Skip the pictures and write out, word for word, the lines below from the one with "Już w sobotę, 6" through the one with "Esta colorida invitación", inclusive.
........
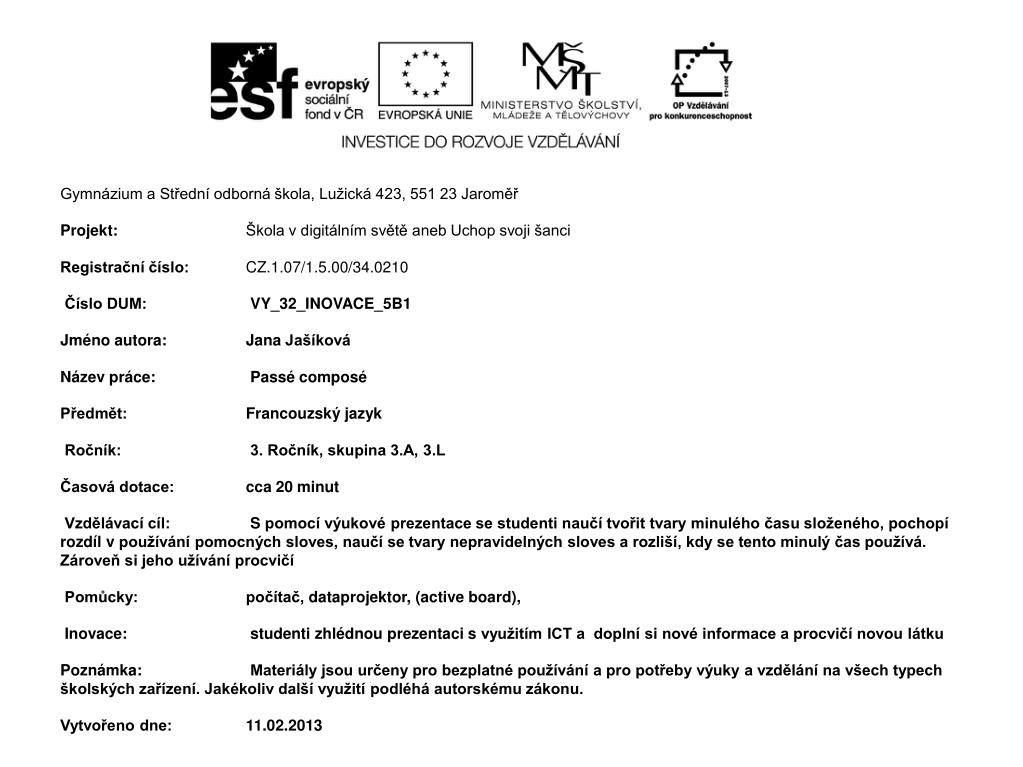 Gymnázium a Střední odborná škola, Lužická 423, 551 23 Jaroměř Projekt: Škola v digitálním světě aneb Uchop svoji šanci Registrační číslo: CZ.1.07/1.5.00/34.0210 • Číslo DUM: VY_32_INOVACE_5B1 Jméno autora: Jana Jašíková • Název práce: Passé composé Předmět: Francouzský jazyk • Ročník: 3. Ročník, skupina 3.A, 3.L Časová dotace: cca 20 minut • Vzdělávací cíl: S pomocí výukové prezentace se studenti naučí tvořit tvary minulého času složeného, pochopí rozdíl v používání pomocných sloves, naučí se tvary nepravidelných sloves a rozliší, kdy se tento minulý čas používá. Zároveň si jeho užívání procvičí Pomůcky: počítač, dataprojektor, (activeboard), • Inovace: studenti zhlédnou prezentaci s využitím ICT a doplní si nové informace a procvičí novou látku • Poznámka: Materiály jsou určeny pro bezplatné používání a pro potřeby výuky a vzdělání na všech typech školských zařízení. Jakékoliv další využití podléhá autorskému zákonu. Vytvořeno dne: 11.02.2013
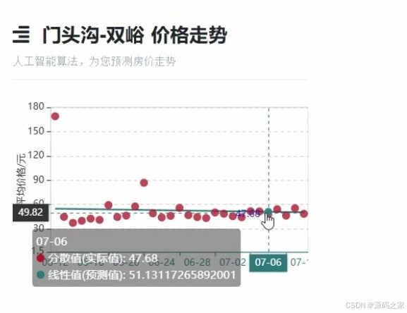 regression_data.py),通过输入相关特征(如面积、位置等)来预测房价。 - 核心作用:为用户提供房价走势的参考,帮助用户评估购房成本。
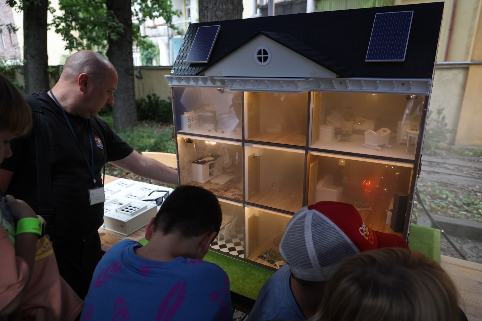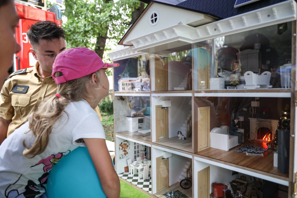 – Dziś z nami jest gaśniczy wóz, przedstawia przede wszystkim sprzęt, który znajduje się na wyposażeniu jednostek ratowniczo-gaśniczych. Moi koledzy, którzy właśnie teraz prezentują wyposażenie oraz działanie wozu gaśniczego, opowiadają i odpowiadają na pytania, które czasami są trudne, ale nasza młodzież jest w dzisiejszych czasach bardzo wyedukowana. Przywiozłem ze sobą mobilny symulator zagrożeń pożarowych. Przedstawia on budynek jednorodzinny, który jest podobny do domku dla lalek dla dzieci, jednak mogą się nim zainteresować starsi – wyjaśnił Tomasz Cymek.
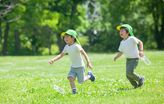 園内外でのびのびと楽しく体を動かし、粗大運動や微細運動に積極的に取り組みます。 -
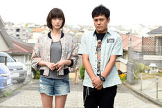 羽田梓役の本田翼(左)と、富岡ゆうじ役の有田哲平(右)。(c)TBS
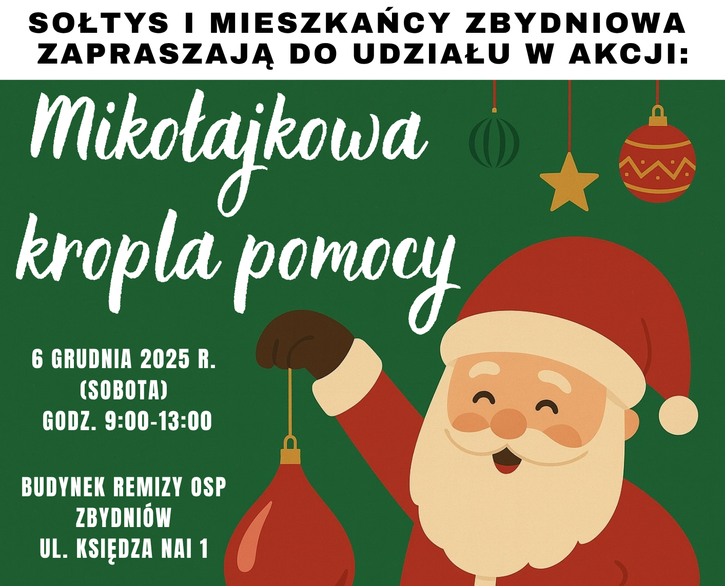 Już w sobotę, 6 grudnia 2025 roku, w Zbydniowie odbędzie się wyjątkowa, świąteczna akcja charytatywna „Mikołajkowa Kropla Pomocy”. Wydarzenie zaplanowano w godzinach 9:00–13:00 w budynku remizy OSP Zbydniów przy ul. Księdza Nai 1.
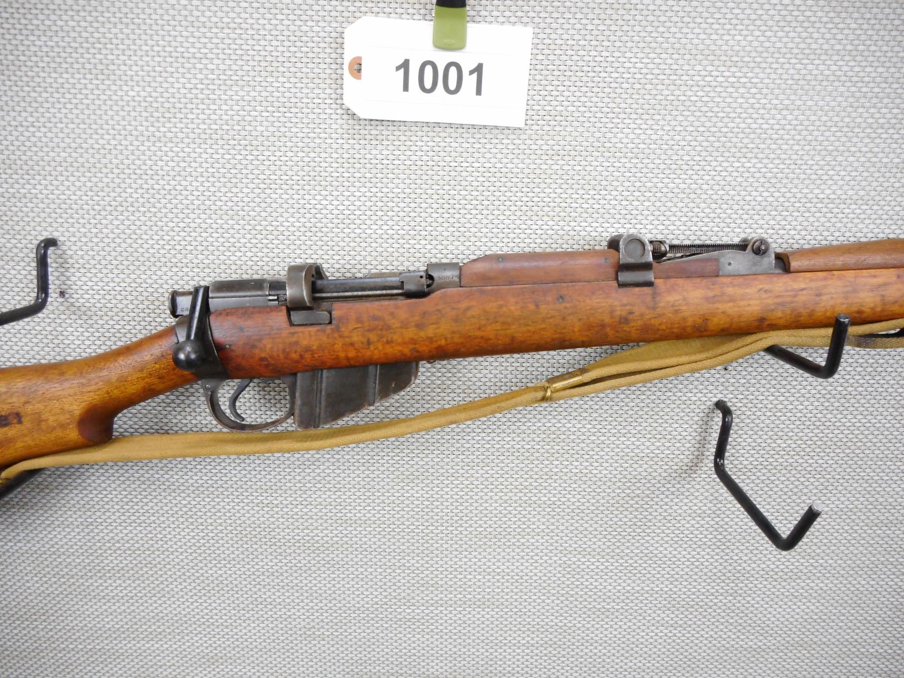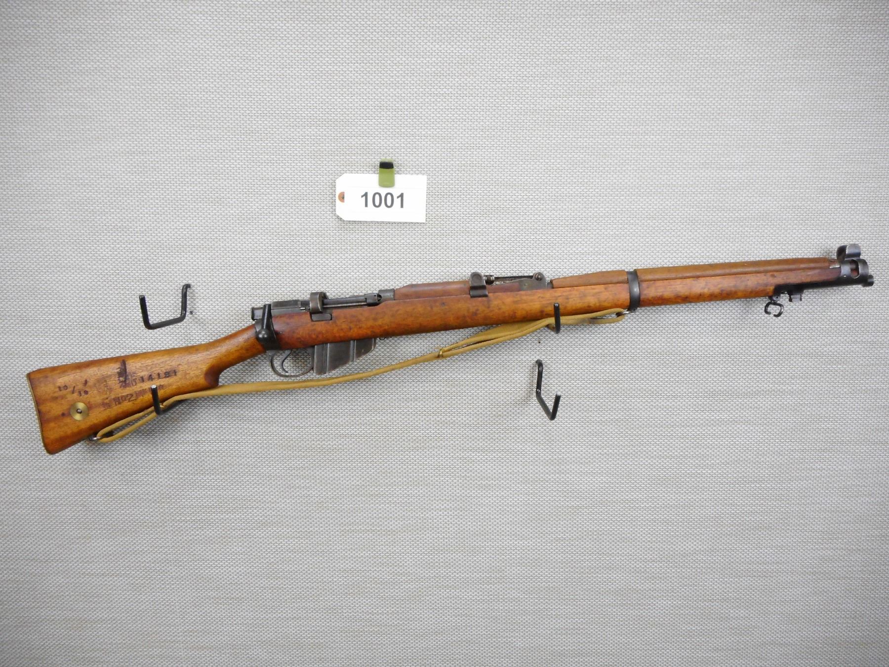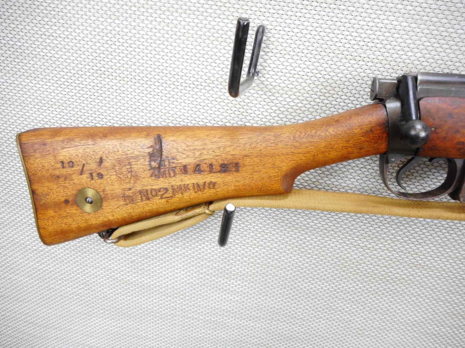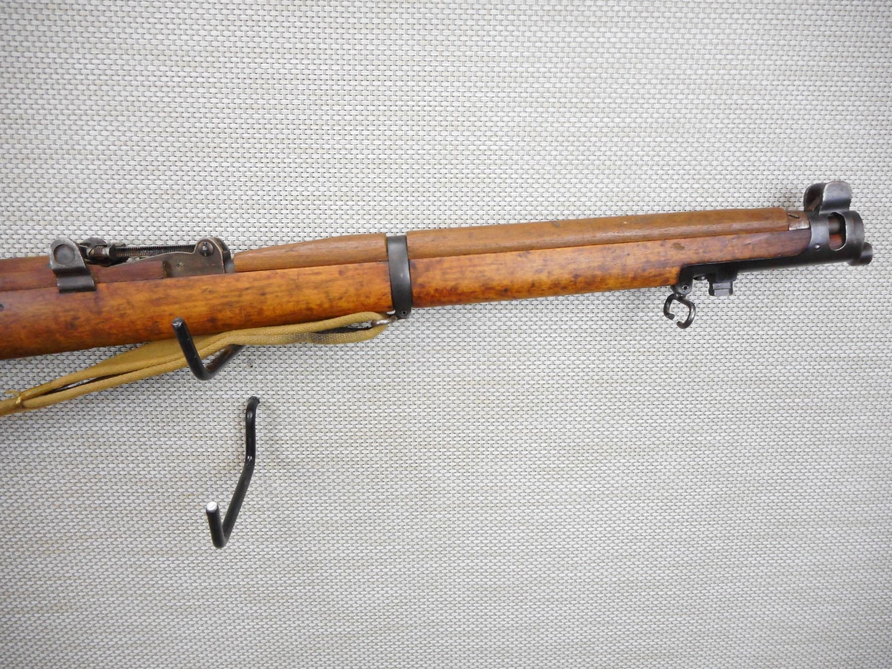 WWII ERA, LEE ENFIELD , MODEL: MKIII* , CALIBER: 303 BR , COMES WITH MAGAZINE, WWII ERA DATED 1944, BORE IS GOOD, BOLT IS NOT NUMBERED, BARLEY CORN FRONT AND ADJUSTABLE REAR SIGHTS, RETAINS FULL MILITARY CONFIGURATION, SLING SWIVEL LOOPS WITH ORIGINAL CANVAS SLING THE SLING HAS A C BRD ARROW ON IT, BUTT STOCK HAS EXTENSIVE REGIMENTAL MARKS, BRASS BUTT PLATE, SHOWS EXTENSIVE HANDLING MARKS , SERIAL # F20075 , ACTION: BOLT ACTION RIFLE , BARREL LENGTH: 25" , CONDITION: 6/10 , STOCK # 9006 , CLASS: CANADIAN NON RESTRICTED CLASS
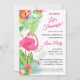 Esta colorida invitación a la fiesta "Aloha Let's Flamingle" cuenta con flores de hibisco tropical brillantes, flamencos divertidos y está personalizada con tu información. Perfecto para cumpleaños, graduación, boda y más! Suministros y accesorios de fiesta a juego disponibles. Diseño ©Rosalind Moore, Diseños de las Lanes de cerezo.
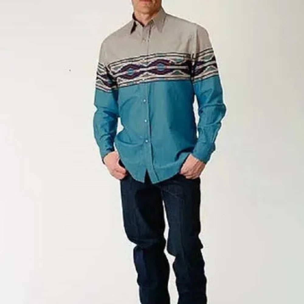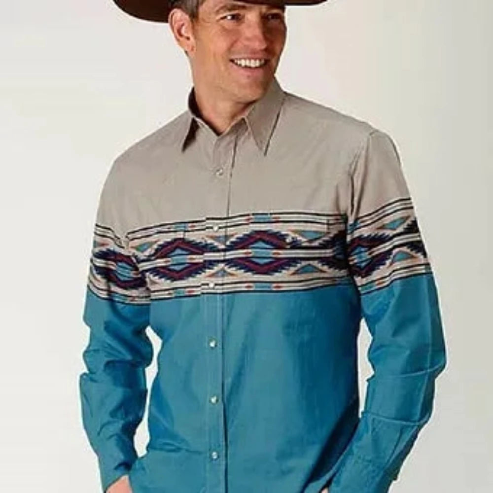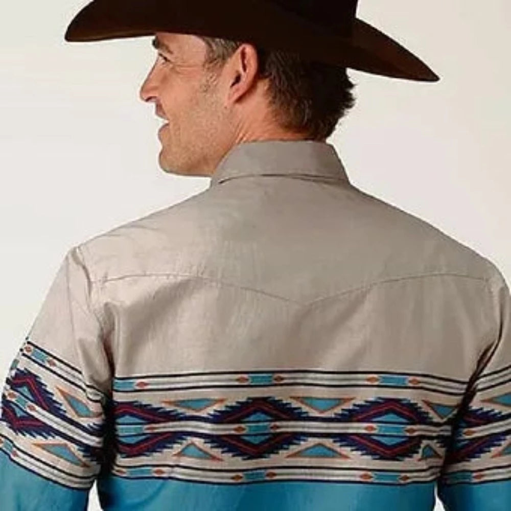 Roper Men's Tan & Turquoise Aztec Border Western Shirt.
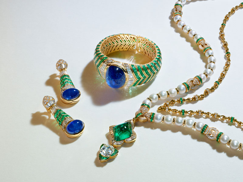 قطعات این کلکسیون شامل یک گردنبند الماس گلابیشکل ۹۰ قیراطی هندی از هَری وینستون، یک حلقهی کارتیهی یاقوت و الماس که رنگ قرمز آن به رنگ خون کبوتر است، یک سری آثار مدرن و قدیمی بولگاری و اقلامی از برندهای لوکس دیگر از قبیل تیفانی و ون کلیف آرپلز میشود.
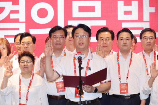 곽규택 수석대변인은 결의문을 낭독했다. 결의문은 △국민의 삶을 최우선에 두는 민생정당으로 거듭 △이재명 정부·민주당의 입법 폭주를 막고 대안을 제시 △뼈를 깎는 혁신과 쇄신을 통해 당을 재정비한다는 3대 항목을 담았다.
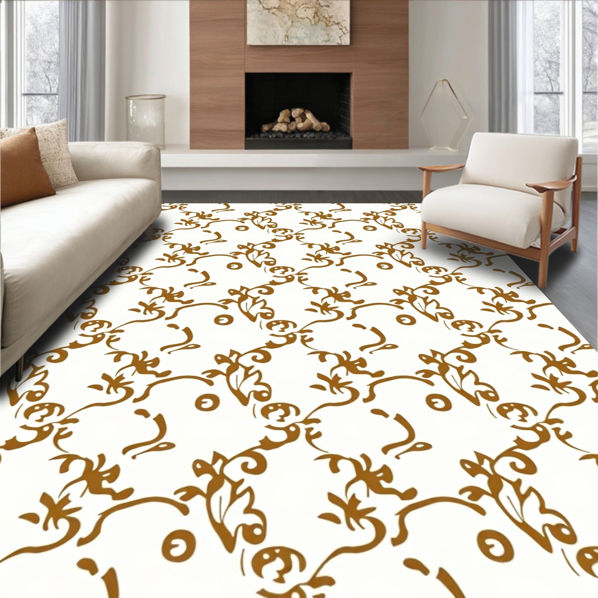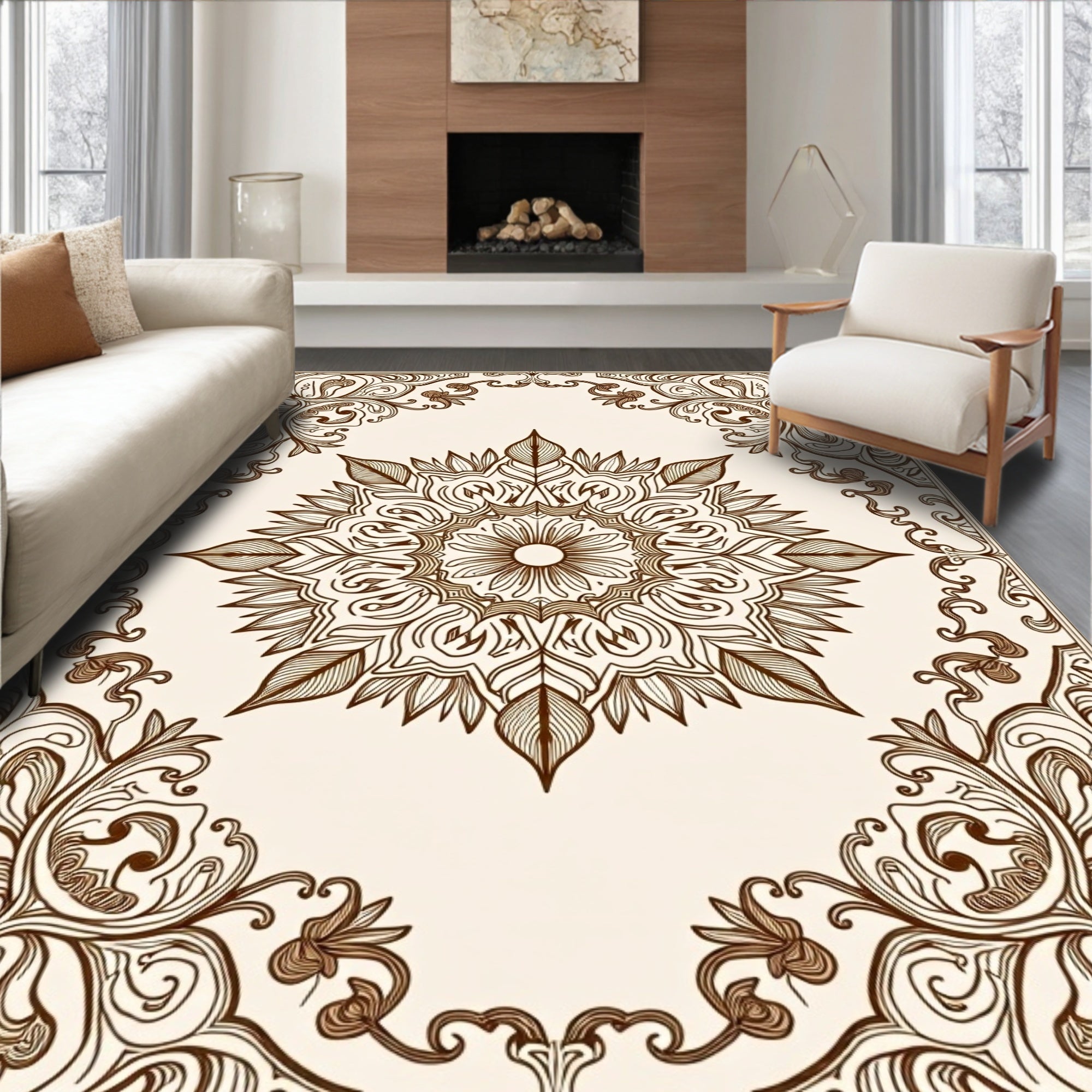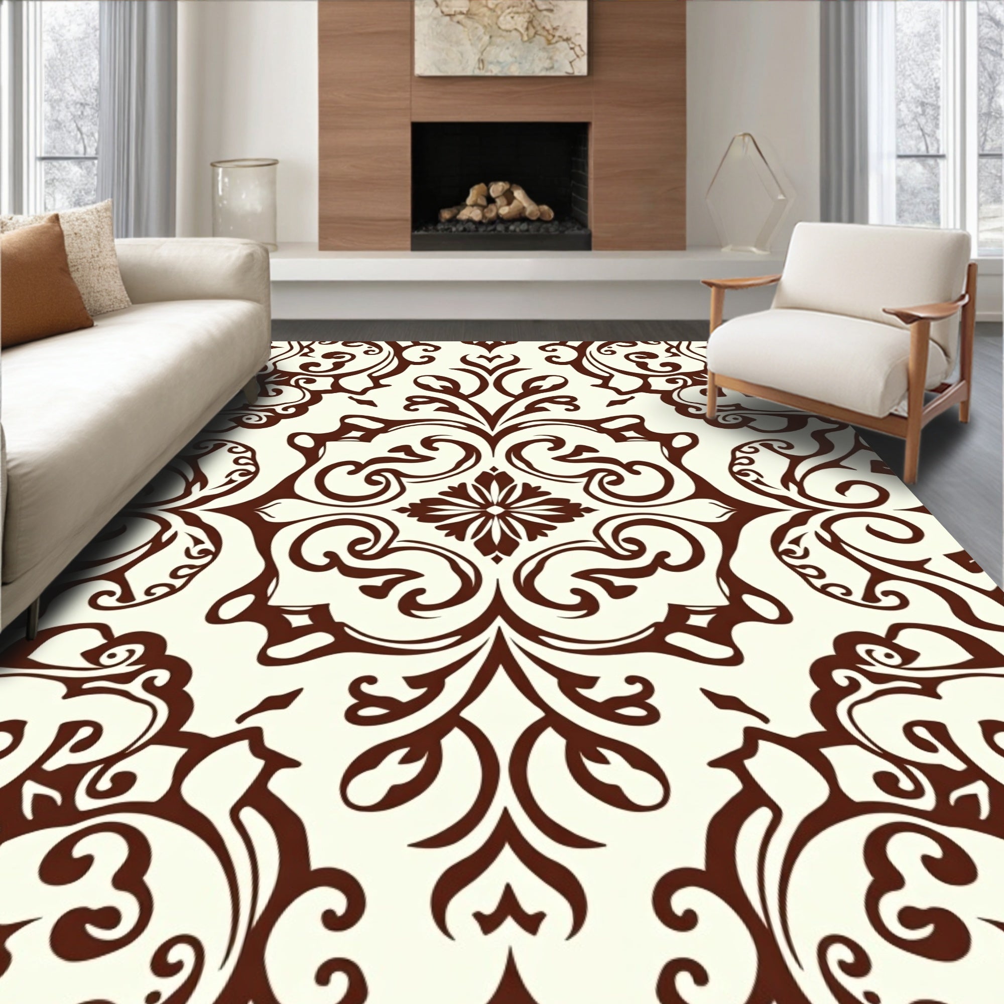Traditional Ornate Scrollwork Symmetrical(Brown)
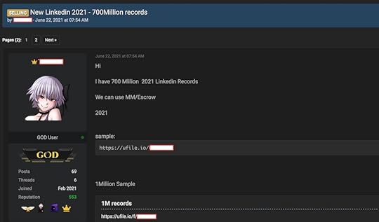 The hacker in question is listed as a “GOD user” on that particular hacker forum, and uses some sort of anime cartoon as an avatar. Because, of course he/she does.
........
• [Completed exercise]:
 Już w sobotę, 6 grudnia 2025 roku, w Zbydniowie odbędzie się wyjątkowa, świąteczna akcja charytatywna „Mikołajkowa Kropla Pomocy”. Wydarzenie zaplanowano w godzinach 9:00–13:00 w budynku remizy OSP Zbydniów przy ul. Księdza Nai 1.
 WWII ERA, LEE ENFIELD , MODEL: MKIII* , CALIBER: 303 BR , COMES WITH MAGAZINE, WWII ERA DATED 1944, BORE IS GOOD, BOLT IS NOT NUMBERED, BARLEY CORN FRONT AND ADJUSTABLE REAR SIGHTS, RETAINS FULL MILITARY CONFIGURATION, SLING SWIVEL LOOPS WITH ORIGINAL CANVAS SLING THE SLING HAS A C BRD ARROW ON IT, BUTT STOCK HAS EXTENSIVE REGIMENTAL MARKS, BRASS BUTT PLATE, SHOWS EXTENSIVE HANDLING MARKS , SERIAL # F20075 , ACTION: BOLT ACTION RIFLE , BARREL LENGTH: 25" , CONDITION: 6/10 , STOCK # 9006 , CLASS: CANADIAN NON RESTRICTED CLASS
 Esta colorida invitación a la fiesta "Aloha Let's Flamingle" cuenta con flores de hibisco tropical brillantes, flamencos divertidos y está personalizada con tu información. Perfecto para cumpleaños, graduación, boda y más! Suministros y accesorios de fiesta a juego disponibles. Diseño ©Rosalind Moore, Diseños de las Lanes de cerezo.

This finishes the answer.